Thorne stood at a taboret in the center of the room, filling cups with steaming pulcho, a jar of which had just been brought in by Yirl Du. These he passed to his assembled guests. Then he said to Irintz Tel, “Since it was at your suggestion that this council was assembled, I will call upon you first to address us.”

The Dixtar took a dainty sip of pulcho, then carefully held the cup before him.

“My good friends and comrades in adversity,” he began, “I, for one, see the hopelessness of our position here, and the futility of further resistance to the decree of fate. After all, it is better to be live prisoners than dead heroes, blasted into nothingness by the awful weapons of the Ma Gongi. I suggest that we surrender to Sel Han while he is inclined to be merciful, thus not only saving our own lives, but those of the brave Takkor swordsmen who sought to rescue us from the conqueror.”

“You have all heard the suggestion of the Dixtar,” said Thorne. “Will you surrender or resist?”

“Resist!” they cried unanimously.

Then the Dixtar, who for ten long Martian years had never been gainsaid in anything, went suddenly pale. “I fear,” he said, “that you will all regret this rash decision when regret comes too late.” Then he turned, clasped his hands behind his back, and with his chin sunk on his chest, strode out of the room. The others soon followed to go to their several apartments.

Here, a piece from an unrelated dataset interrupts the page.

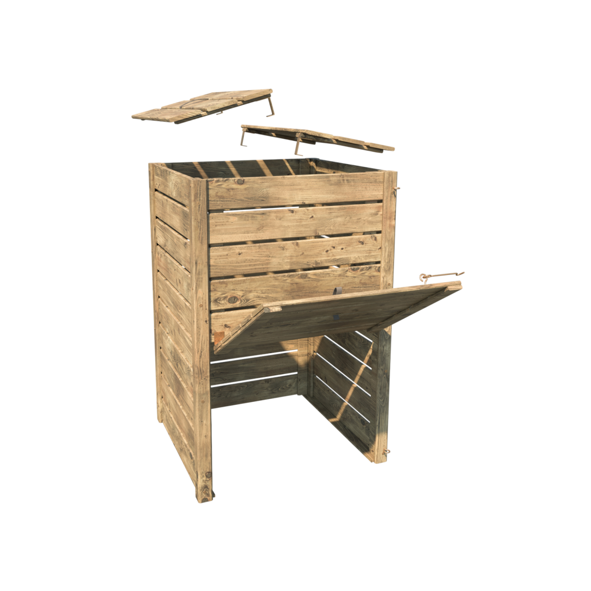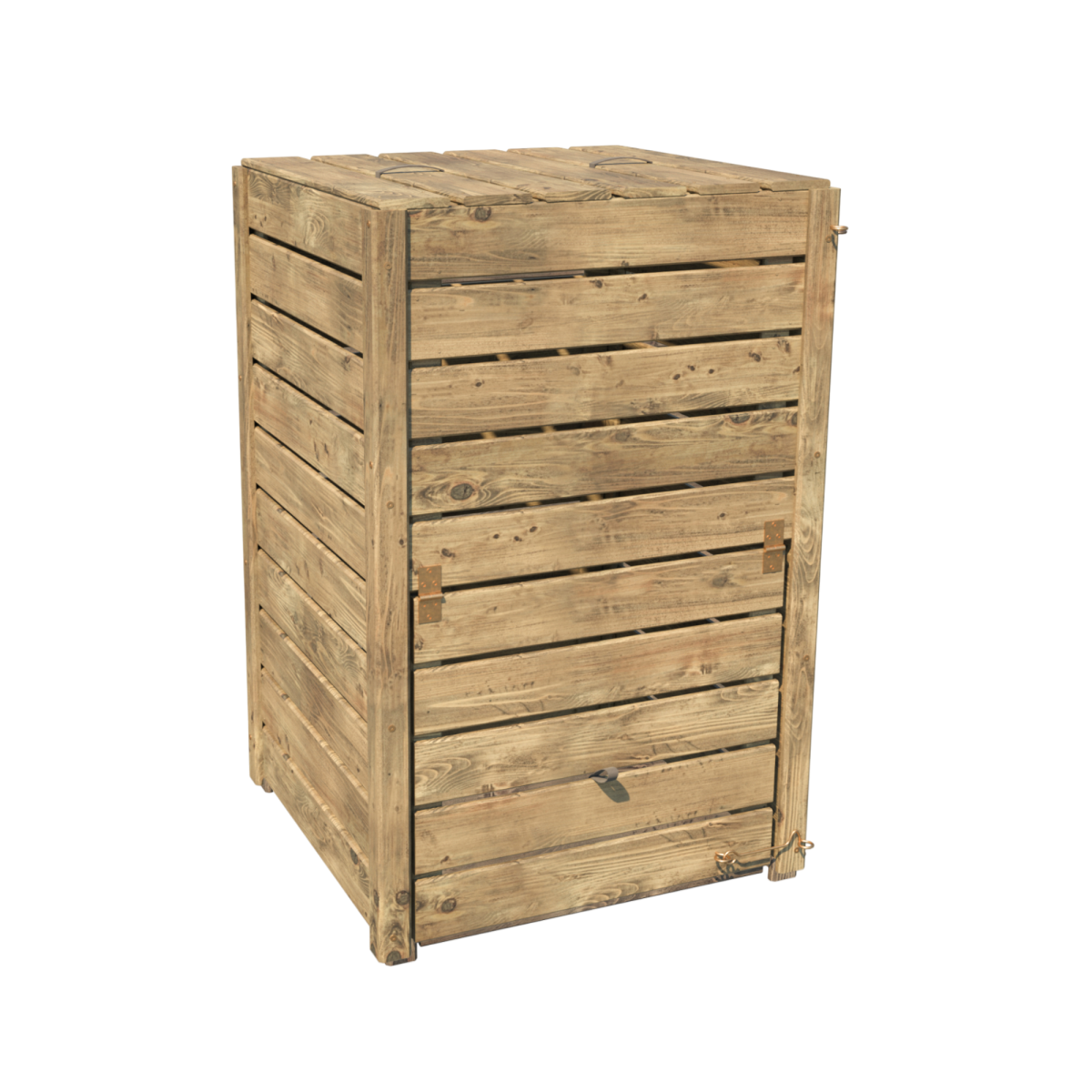 A Converto komposztáló 350 literes űrtartalmával ideális választás kerti növényi hulladék, fűnyesedék vagy konyhai zöldhulladék komposztálásához. Erdei fenyőből készült, amelyet zöld autoklávos kezeléssel tettek ellenállóbbá az időjárással és a kártevőkkel szemben. Az előre összeszerelt panelek gyors telepítést tesznek lehetővé, míg a praktikus fedél és rögzítőkampó megkönnyítik a mindennapi használatot.

The Earthman, left alone, prepared to retire. One thing kept recurring to him as he hooded the baridium globes and crept into bed. It was the fact that as Kov Lutas walked out between the two girls, he had seemed more attentive to Thaine than to Neva. Yirl Du had told Thorne that the young officer avowed undying love for the beautiful daughter of the Dixtar. Thorne was puzzled.

He soon fell asleep, but it seemed to him that he had not slumbered for more than a few moments when he was awakened by a sharp tug at his coverlets. He looked up sleepily.

“Yirl Du!” he exclaimed. “What’s wrong?”

“I have made a startling discovery, my lord,” Yirl Du replied, “else I should not have disturbed your rest.”

“I’m sure of that,” said Thorne. “What is it?”

For answer, his henchman drew a scroll from beneath his cloak. After passing it to the Earthman, he walked to the lever and unhooded the baridium globes, flooding the room with light.